* _SOURCE DATA_
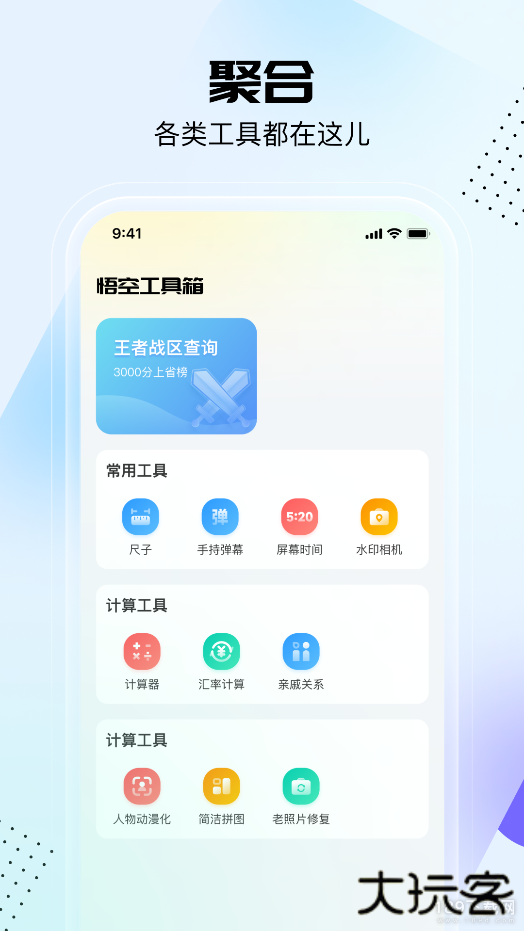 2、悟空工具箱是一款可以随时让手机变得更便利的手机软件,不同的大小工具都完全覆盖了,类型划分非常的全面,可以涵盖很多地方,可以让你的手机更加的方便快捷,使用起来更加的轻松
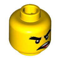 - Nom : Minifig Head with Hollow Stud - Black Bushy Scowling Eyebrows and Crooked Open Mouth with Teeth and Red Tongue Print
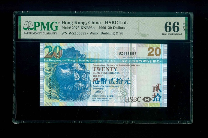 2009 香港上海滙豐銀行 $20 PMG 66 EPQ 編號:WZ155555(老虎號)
* * *
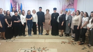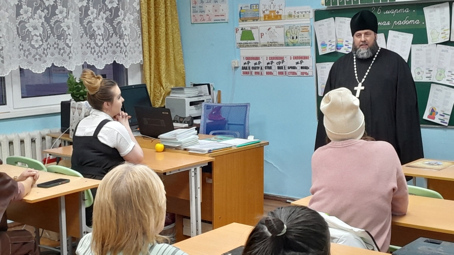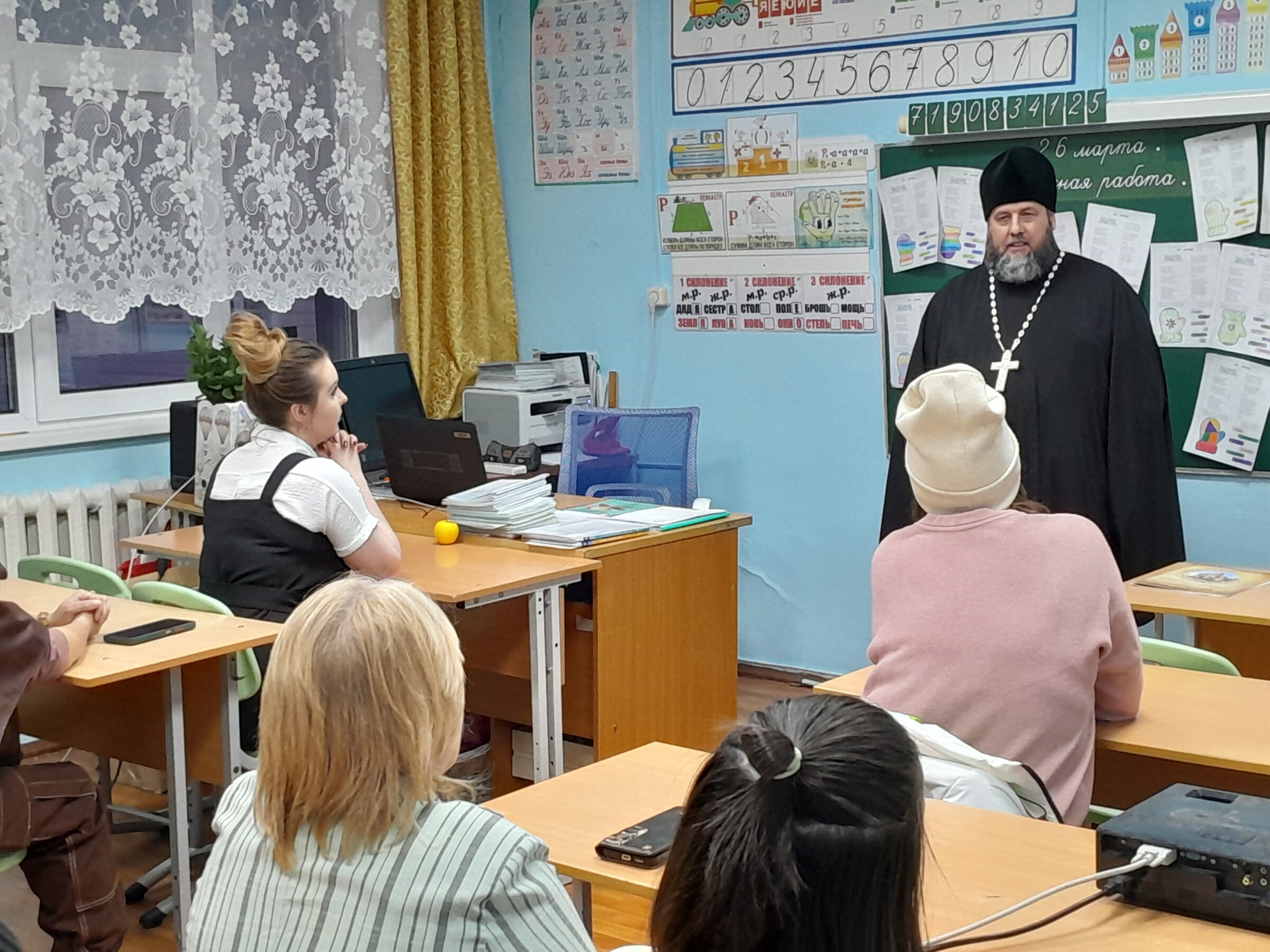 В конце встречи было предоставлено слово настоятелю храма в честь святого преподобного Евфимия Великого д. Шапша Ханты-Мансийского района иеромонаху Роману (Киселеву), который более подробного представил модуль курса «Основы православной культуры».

* _WORK REQUIRED_
Skip every picture, and restate word for word only the lines above from the line containing "- Nom : Minifig" to the line containing "2009 香港上海滙豐銀行 $20", both of them included.

* _RESPONSE TO THE TASK_
 - Nom : Minifig Head with Hollow Stud - Black Bushy Scowling Eyebrows and Crooked Open Mouth with Teeth and Red Tongue Print
 2009 香港上海滙豐銀行 $20 PMG 66 EPQ 編號:WZ155555(老虎號)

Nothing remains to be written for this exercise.